Blockrank - Extrapolation - Adaptive PageRank - (deprecated) SEM Research Topics forum at WebmasterWorld - WebmasterWorld

Forum Moderators: open

Message Too Old, No Replies

Blockrank - Extrapolation - Adaptive PageRank

World Wide Web Conference 2003

palace4all

5:28 am on May 28, 2003 (gmt 0)

10+ Year Member

Some interesting stuff about the WWW conference 2003.
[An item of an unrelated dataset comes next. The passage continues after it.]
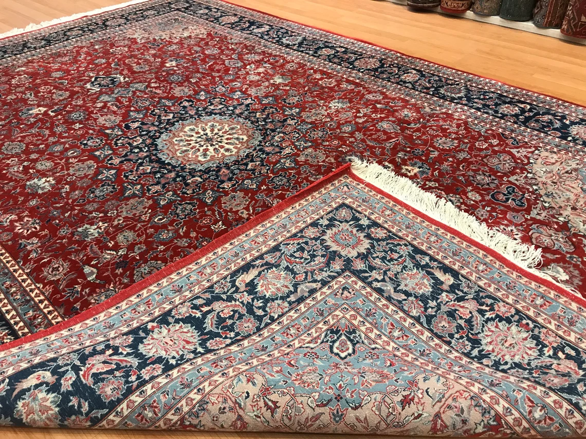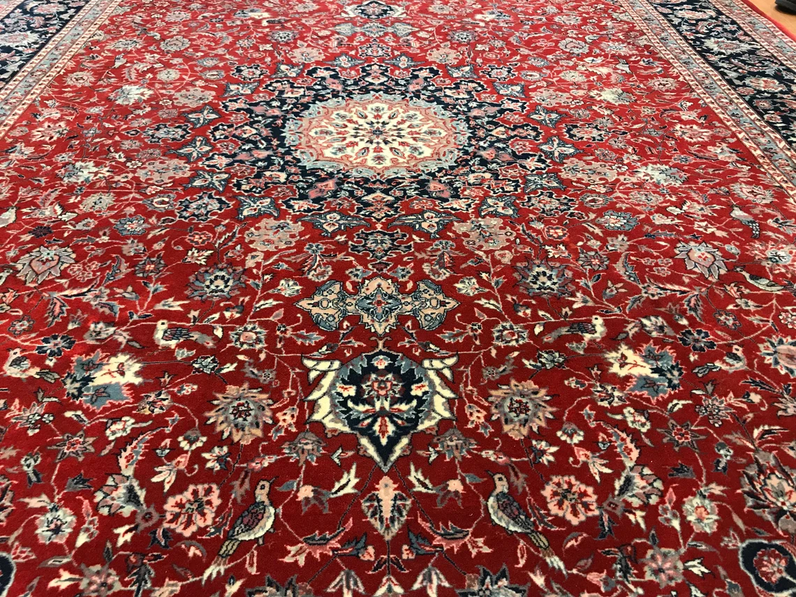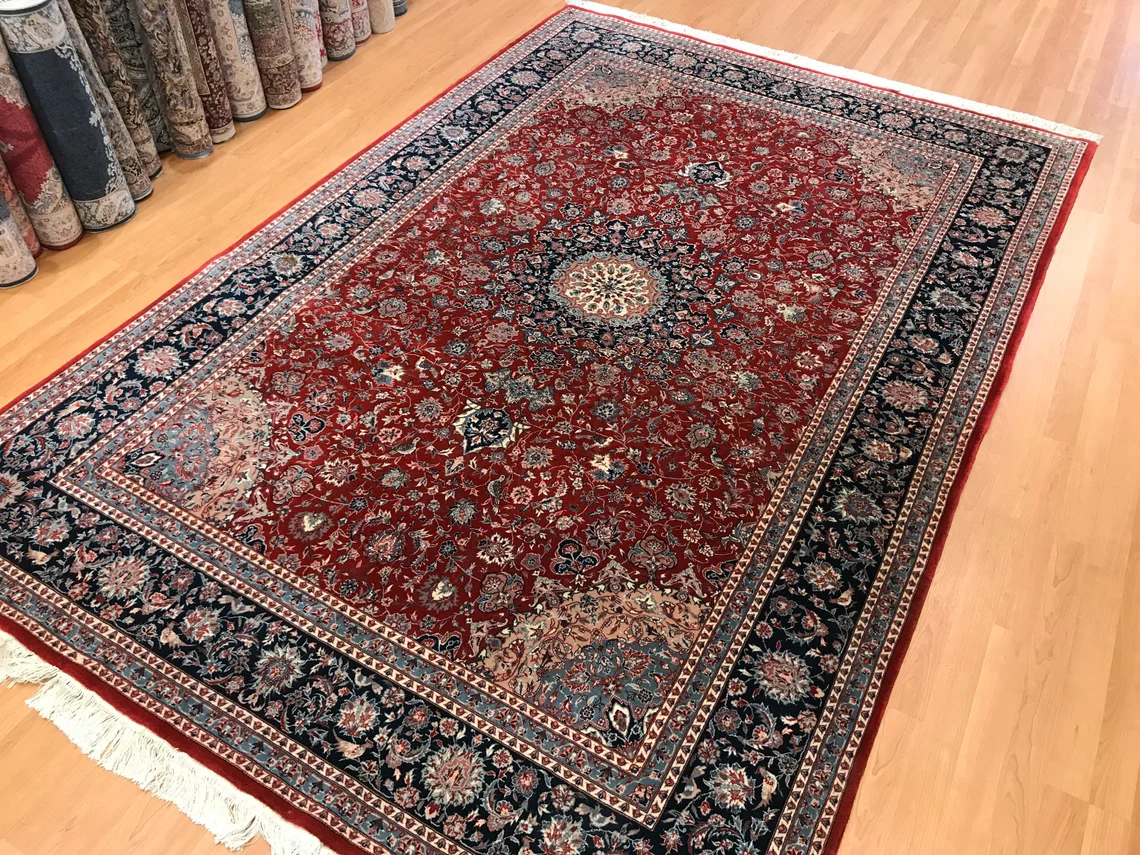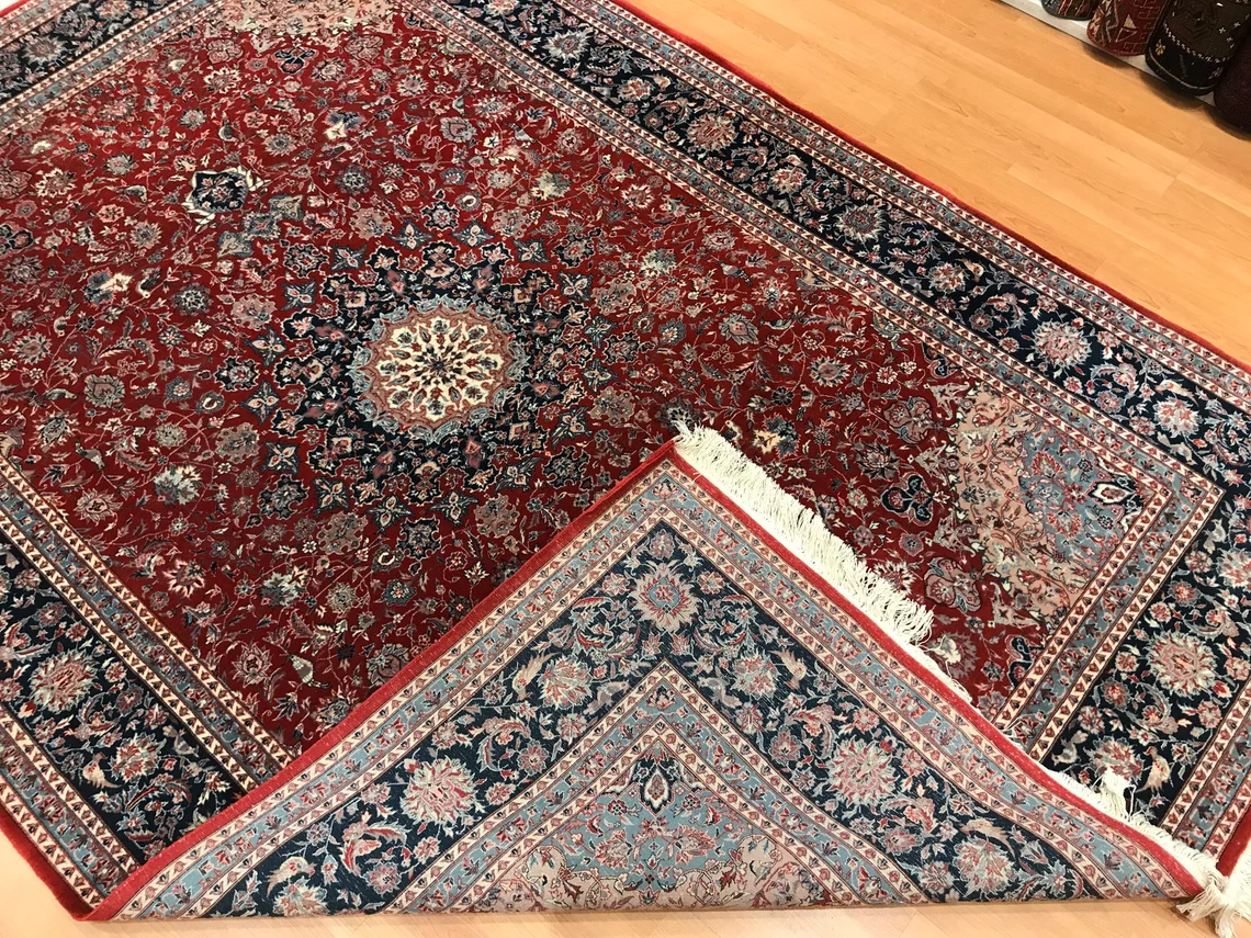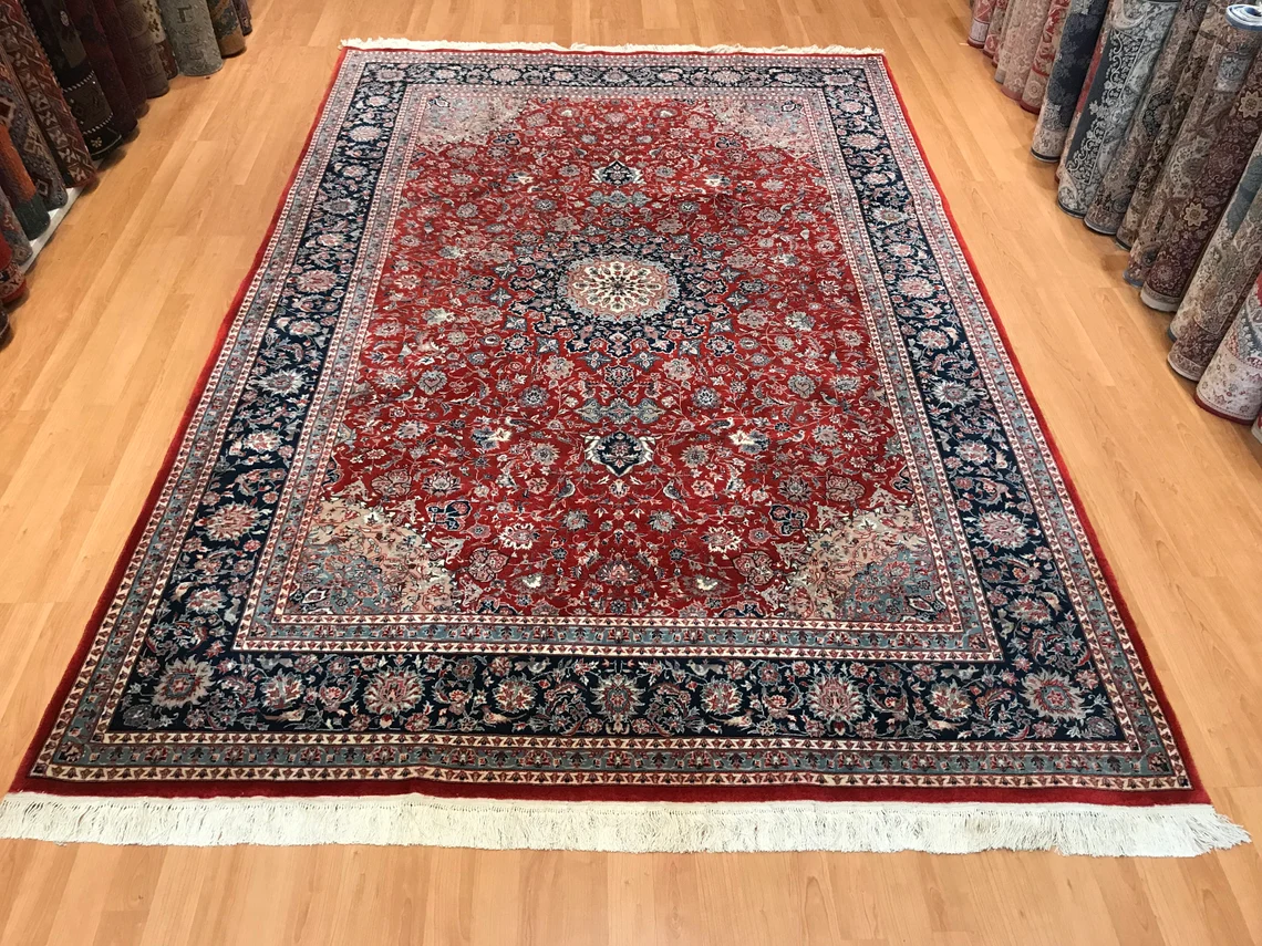 Our beatiful handmade carpet is made by wool on cotton. It is 9'1'' by 6' (277 cm x 184 cm ) . It is double-knott and 20 years old . It will make your home shined with its beautiful color combination. It is usable with shoes .It is professionally cleaned, washed and ready to use.
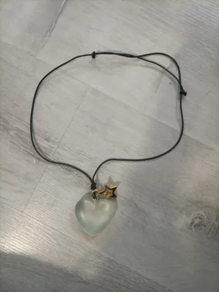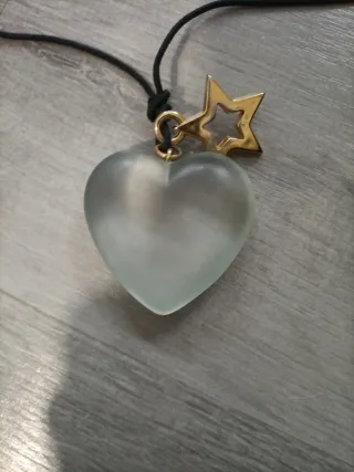Collar con un colgante en forma de corazón transparente y una pequeña estrella dorada. - Colgante de corazón translúcido. - Detalle de estrella dorada. - Cordón negro ajustable.

The 12th World Wide Web conference has ended. As reported earlier, a major theme was Google becoming up to 5 times faster and how a team from Stanford University were to achieve it. To help in that feat there will be three new main ways or groups which wil help with regards to the way PageRank is to be newly calculated.

They are...

Blockrank:
On average, internal links take up to 80% of all links per page. Currently each of these internal links is calculated individually, the new method will group the internal links together and calculate them just the once, thereby gaining an increase of approximately 3 times the current calculation speed.

Extrapolation:
This deals with some pretty heavy mathematics that I’m not even going to begin getinto. Your best bet, if you are not mathematically challenged like myself lol, is to click on the link Extrapolation. Very roughly, it is said to act in a similar way as Alexa by factoring in number of visits / traffic.

Adaptive PageRank:
The final main group is Adaptive Pagerank. Quote: "PageRank of pages that have converged are not recomputed at each iteration after convergence." This suggests that pages that have a high PageRank and have been in the system for sometime may well not need to be recalculated in certain circumstances.

More informations about: http://www.stanford.edu/~sdkamvar/research.html

News sources:
http://asia.cnet.com/newstech/systems/0,39001153,39133747,00.htm

jeremy goodrich

5:32 am on May 28, 2003 (gmt 0)

WebmasterWorld Senior Member

10+ Year Member

These papers have been discussed here a few weeks ago (read them about a month ago, myself) the conferences are a great way to keep up on some stuff, but most of the goods related to SE's & PageRank tends to show up here first. :)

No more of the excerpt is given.